Give every line of the data again, unchanged, but with no pictures.

_SOURCE RECORDS:_
========

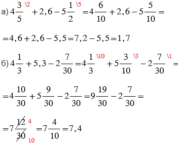 а) Чтобы выполнить вычисления, преобразуем смешанные числа в десятичные дроби, для этого приводим их дробные части к знаменателю 10, используя основное свойство дроби (умножив числитель и знаменатель дроби на дополнительный множитель так, чтобы в знаменателе получилось число 10). Затем выполняем вычисления с десятичными дробями.
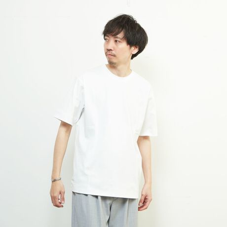 肩や胸辺りにゆとりを持たせながらもスタイリッシュに着用できるよう、裾幅は少し細くし着丈も若干短めにパターンメイクした絶妙なシルエットです。
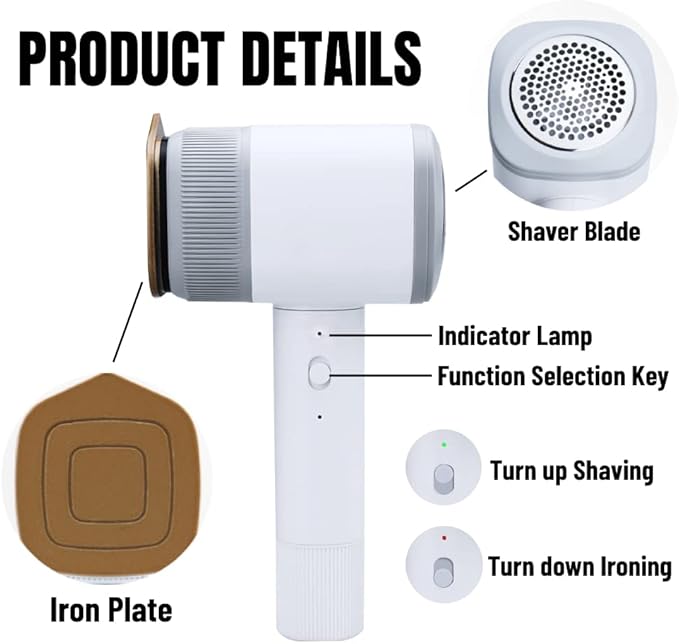 Temperatura Ajustable: Control de calor variable para adaptarse a todo tipo de prendas, desde nailon hasta lino grueso.
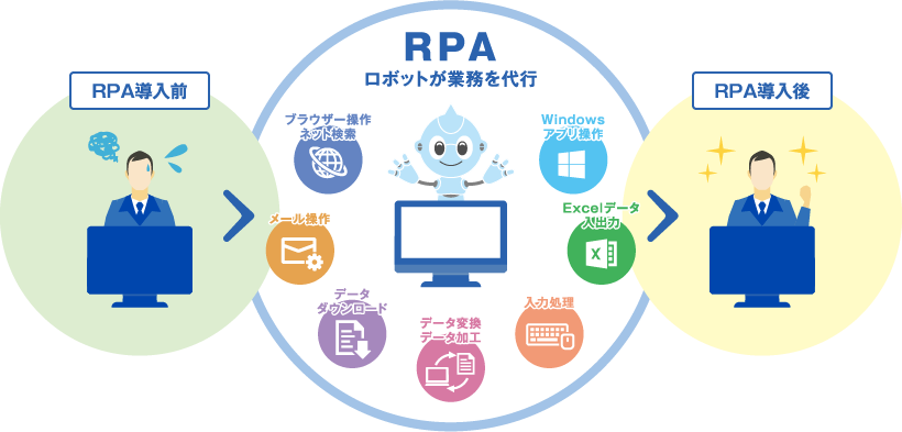 シモハナ物流ではこれまでも、基幹システム・WMS・運行管理システムと連携し、データベース化・Web化することにより様々な業務改善に取り組んでまいりましたが、さらにRPA(Robotics Process Automation)の導入によって、お客様Webシステムや異なるアプリケーションをまたいだ定型業務の自動化が可能となりました。またこれらを組み合わせることで、効率および精度の向上も実現しています。
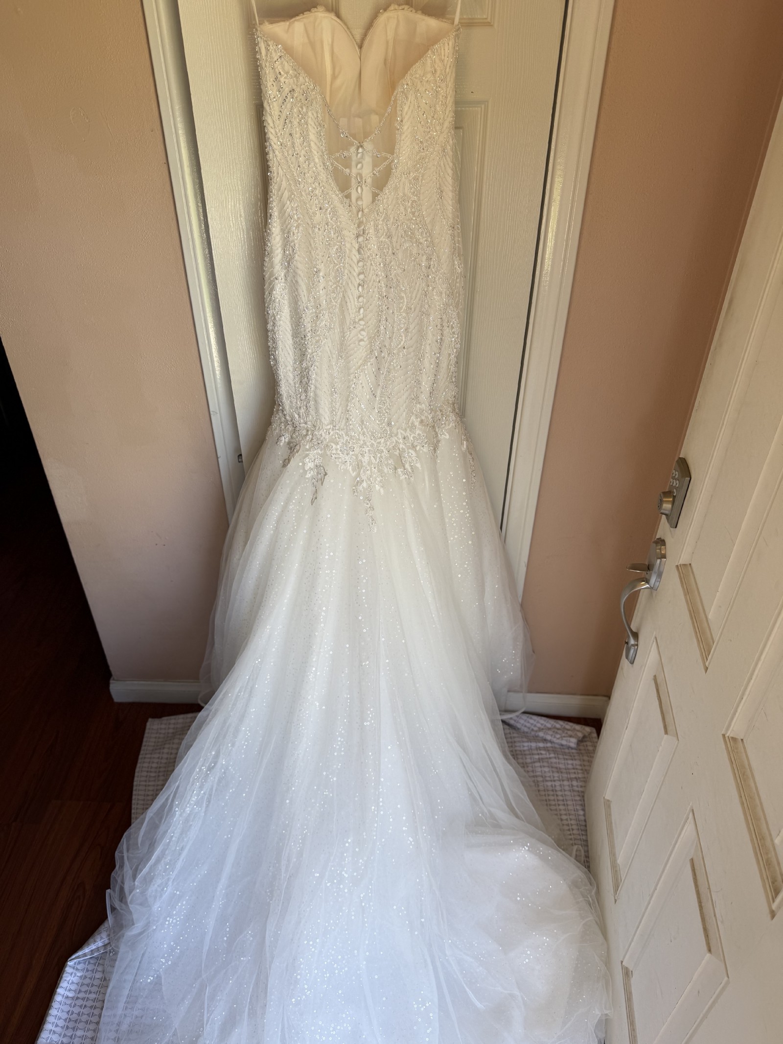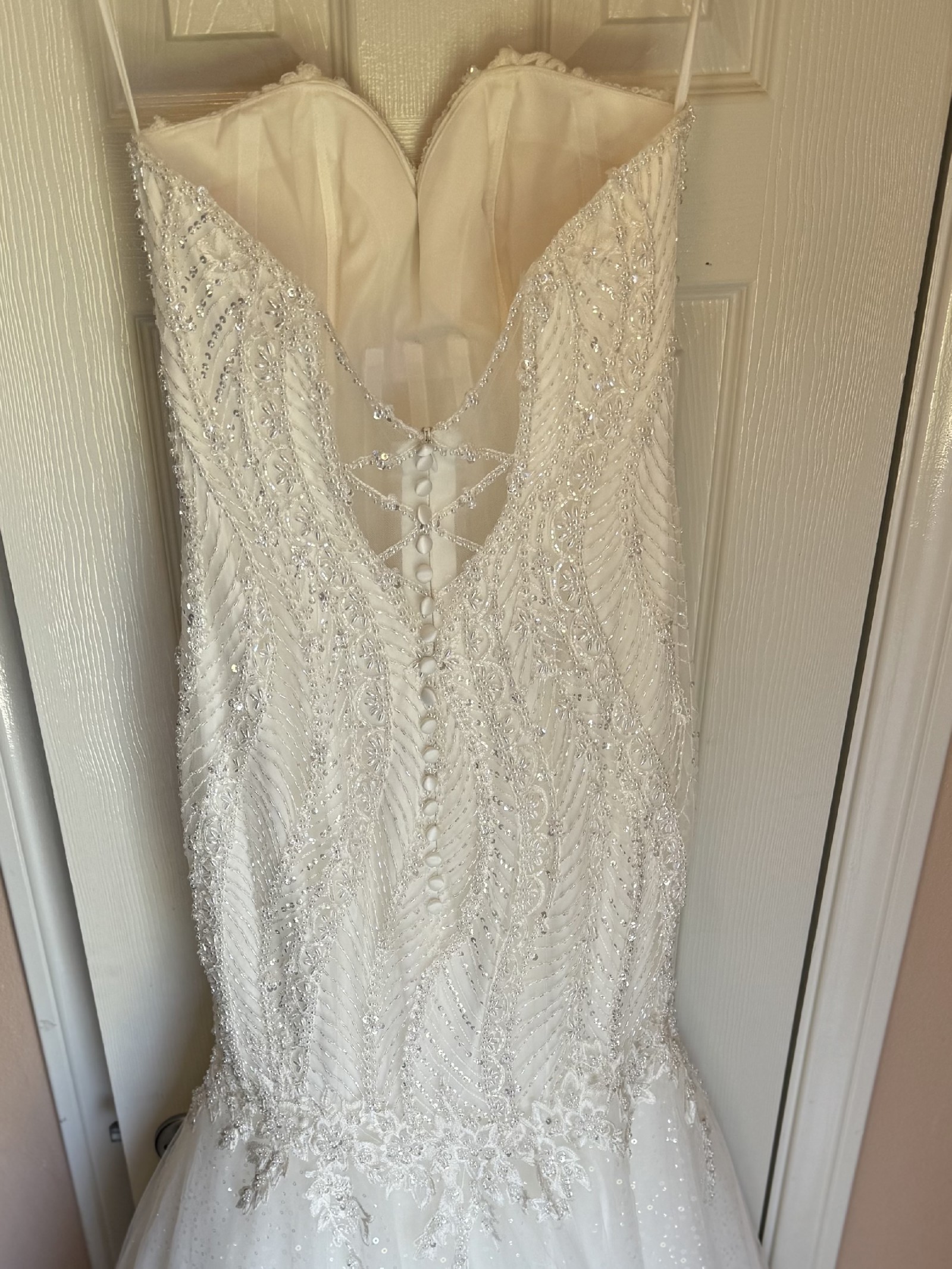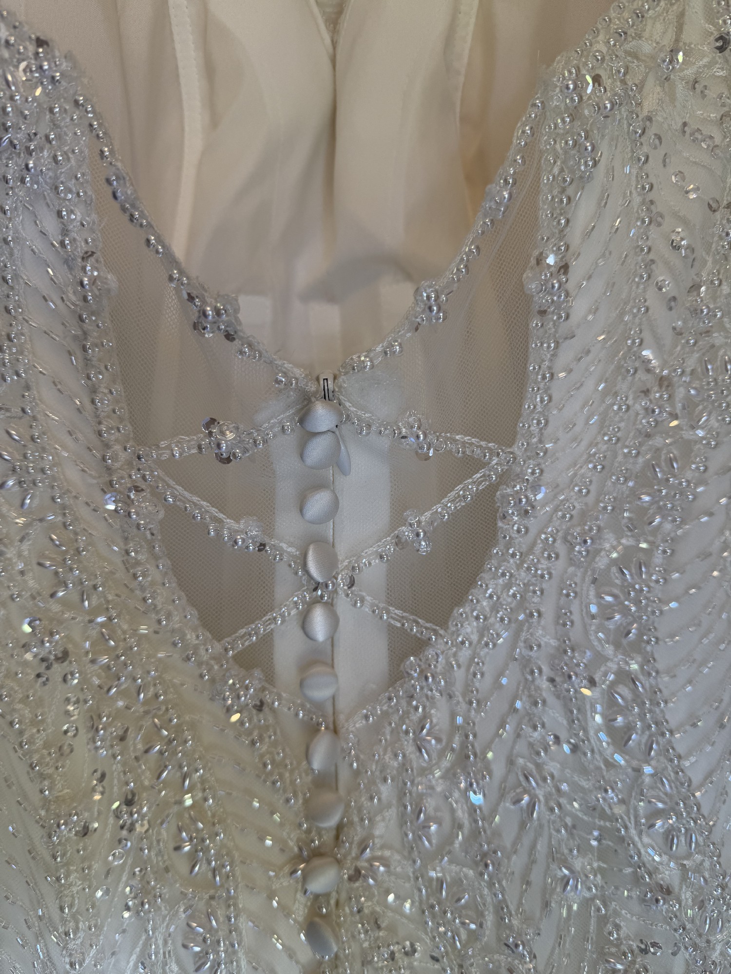This Private Collection wedding dress is a breathtaking blend of elegance and charm. Designed for the modern bride, it features a captivating fit and flare silhouette that gracefully hugs your curves, creating an allure that is both sultry and sophisticated. The sweetheart neckline adds a romantic touch, enhancing the décolletage while framing the face beautifully, perfect for those unforgettable wedding day moments.
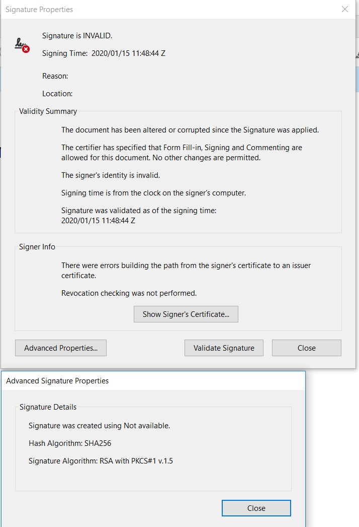 UPDATE Tested the PDF signature with the mkl test area, obtaining the following results:

========

_RESULT OF THE EXERCISE:_
 а) Чтобы выполнить вычисления, преобразуем смешанные числа в десятичные дроби, для этого приводим их дробные части к знаменателю 10, используя основное свойство дроби (умножив числитель и знаменатель дроби на дополнительный множитель так, чтобы в знаменателе получилось число 10). Затем выполняем вычисления с десятичными дробями.
 肩や胸辺りにゆとりを持たせながらもスタイリッシュに着用できるよう、裾幅は少し細くし着丈も若干短めにパターンメイクした絶妙なシルエットです。
 Temperatura Ajustable: Control de calor variable para adaptarse a todo tipo de prendas, desde nailon hasta lino grueso.
 シモハナ物流ではこれまでも、基幹システム・WMS・運行管理システムと連携し、データベース化・Web化することにより様々な業務改善に取り組んでまいりましたが、さらにRPA(Robotics Process Automation)の導入によって、お客様Webシステムや異なるアプリケーションをまたいだ定型業務の自動化が可能となりました。またこれらを組み合わせることで、効率および精度の向上も実現しています。
This Private Collection wedding dress is a breathtaking blend of elegance and charm. Designed for the modern bride, it features a captivating fit and flare silhouette that gracefully hugs your curves, creating an allure that is both sultry and sophisticated. The sweetheart neckline adds a romantic touch, enhancing the décolletage while framing the face beautifully, perfect for those unforgettable wedding day moments.
 UPDATE Tested the PDF signature with the mkl test area, obtaining the following results:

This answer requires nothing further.